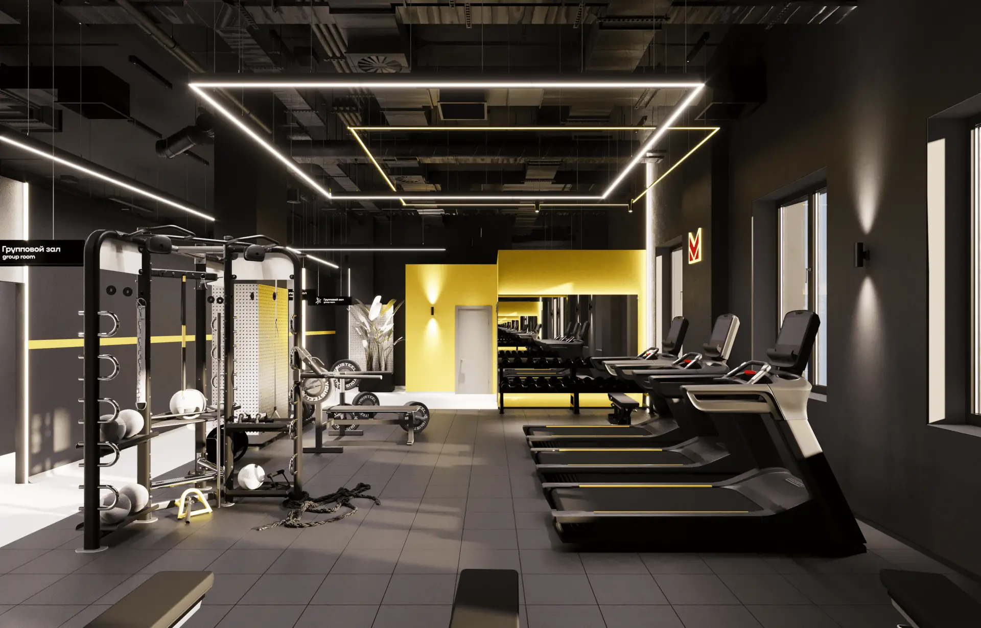 Также мы использовали акцентные спотовые (направленные на пол) светильники, которые интересно смотрятся в большом пространстве фитнес зала.
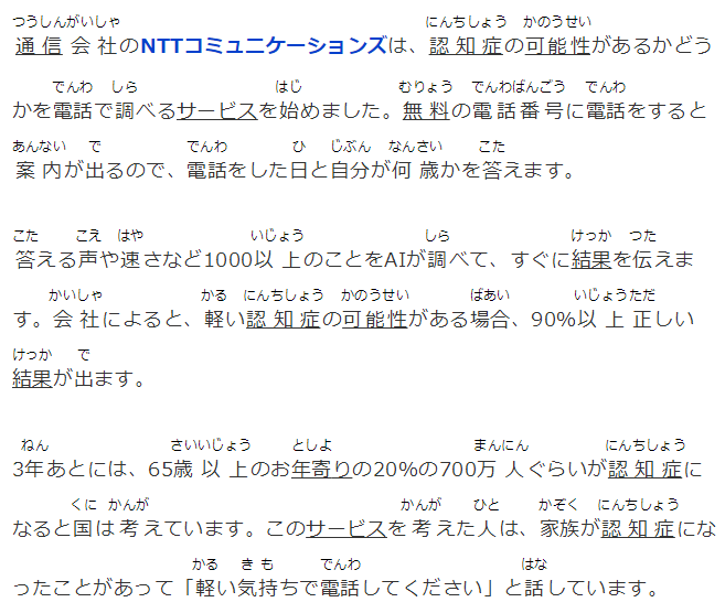 21日は認知癥への正しい理解と支援を呼びかける世界アルツハイマーデーです。日本でも認知癥の早期発見と治療が課題となるなか、大手通信會社が、AI=人工知能を活用し、認知癥の疑いがあるかどうかを、電話で測定するサービスを無料で始めました。
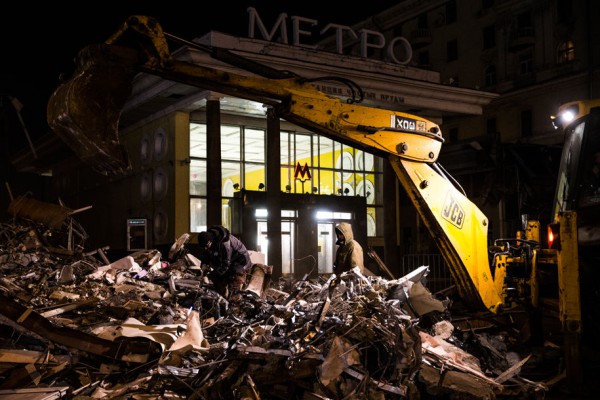 Жутковатые фотографии Евгения Фельдмана в "Новой" о том, как в Москве сносили сотню небольших магазинчиков - "Ночь длинных ковшей".
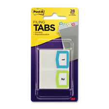 Post-it Printed Tabs offer an easy and professional solution for organizing files, binders and notebooks, without the hassle of printing templates. Each tab sticks securely and removes cleanly. Durable, repositionable tabs are labeled with numbers from 1 to 12 and come in assorted primary colors. Extra thickness prevents wear and tear from repeated handling and use. Tabs include two sets of this number range plus four blanks for easy customization.
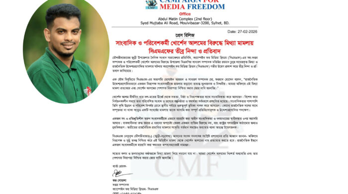 মৌলভীবাজার জেলার জুড়ী উপজেলার দৈনিক দৈনিক সংবাদ সারাবেলা-এর প্রতিনিধি, ক্যাম্পেইন ফর মিডিয়া ফ্রিডম (সিএমএফ)-এর সহ-দপ্তর সম্পাদক ও পরিবেশকর্মী খোর্শেদ আলমের বিরুদ্ধে উপজেলা বাংলাদেশ জাতীয়তাবাদী দল (বিএনপি)র সাধারণ সম্পাদক মতিউর রহমান চুনুর দায়ের করা মামলাকে ‘মিথ্যা ও রাজনৈতিক উদ্দেশ্যপ্রণোদিত’ আখ্যা দিয়ে গভীর উদ্বেগ, তীব্র নিন্দা ও প্রতিবাদ জানিয়েছে সিএমএফ। এক যৌথ আরো সংবাদ পড়ুন...
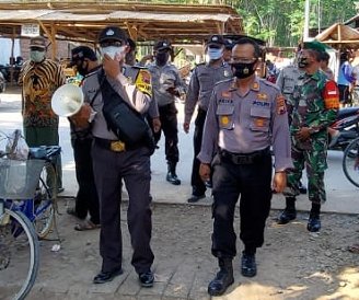 Sejumlah personel gabungan baik dari personil TNI dan Polri berbekal pengeras suara berkeliling pasar memberikan sosialisasi terkait protokol kesehatan guna mencegah corona.
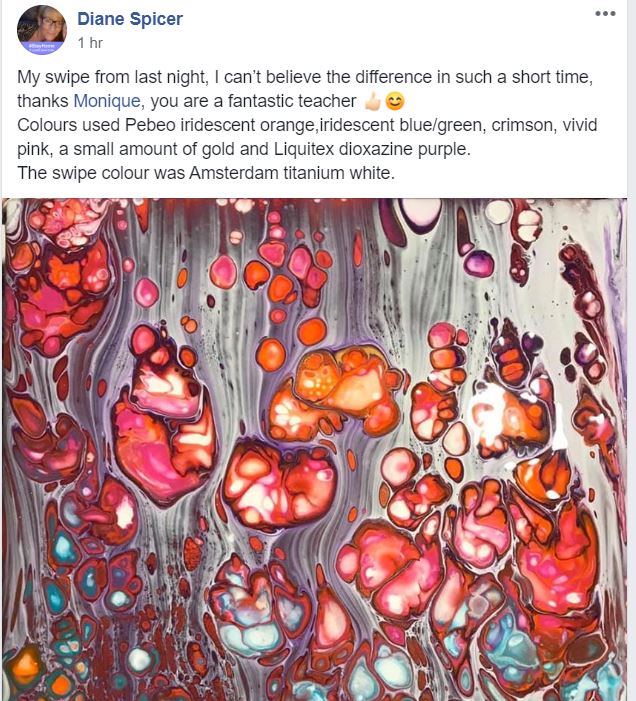 Having already wasted money on expensive courses that promised much and delivered little, I was so happy when I found Monique’s Fluid Art Masterclass. Not only is it very affordable, I learnt so much in the first week that I can’t wait to get stuck into the rest of the course. Monique is an excellent tutor and very approachable and has already saved me both time and money.
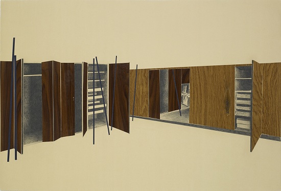 塔提亚娜·图薇 《预制空间》局部,铸锈金属,木头,划痕 2014
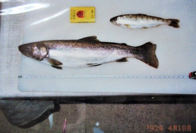 師匠の弟子の釣り師も同じ淵で、たぶん養魚場から逃げ出たのだろう大きな虹鱒を、平成4年(1992年)5月17日に釣り上げた。
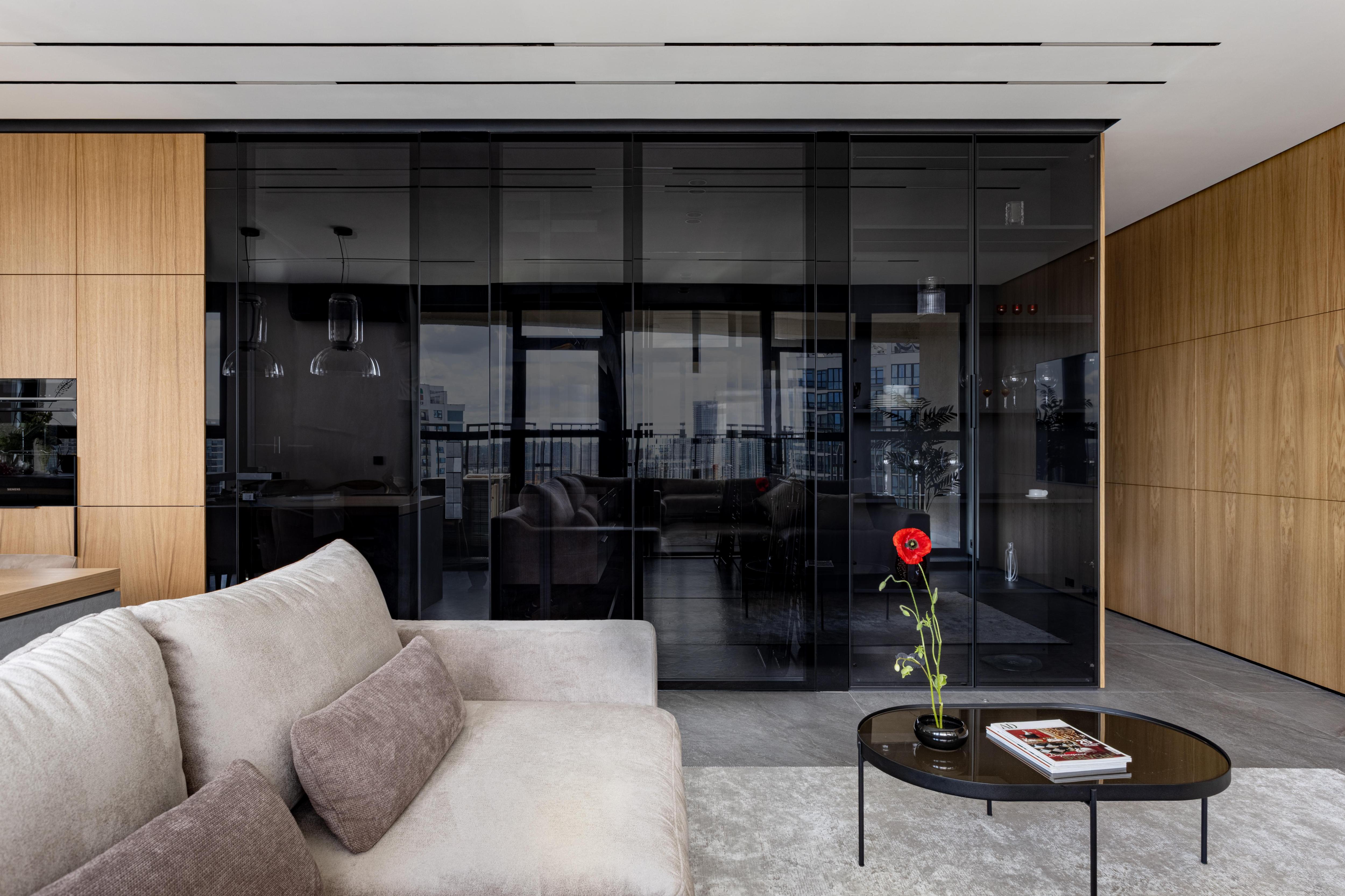 Стеклянная перегородка с дверями, Lazio. Столик NoNo Table, Audo Copenhagen. Ковер, Ковер BM Home.
**********
## Activity
Print the part of the listing above that opens with the line containing "Жутковатые фотографии Евгения" and closes with the line containing "Post-it Printed Tabs". Copy it exactly, both ends included, and omit the pictures.

## Reply
 Жутковатые фотографии Евгения Фельдмана в "Новой" о том, как в Москве сносили сотню небольших магазинчиков - "Ночь длинных ковшей".
 Post-it Printed Tabs offer an easy and professional solution for organizing files, binders and notebooks, without the hassle of printing templates. Each tab sticks securely and removes cleanly. Durable, repositionable tabs are labeled with numbers from 1 to 12 and come in assorted primary colors. Extra thickness prevents wear and tear from repeated handling and use. Tabs include two sets of this number range plus four blanks for easy customization.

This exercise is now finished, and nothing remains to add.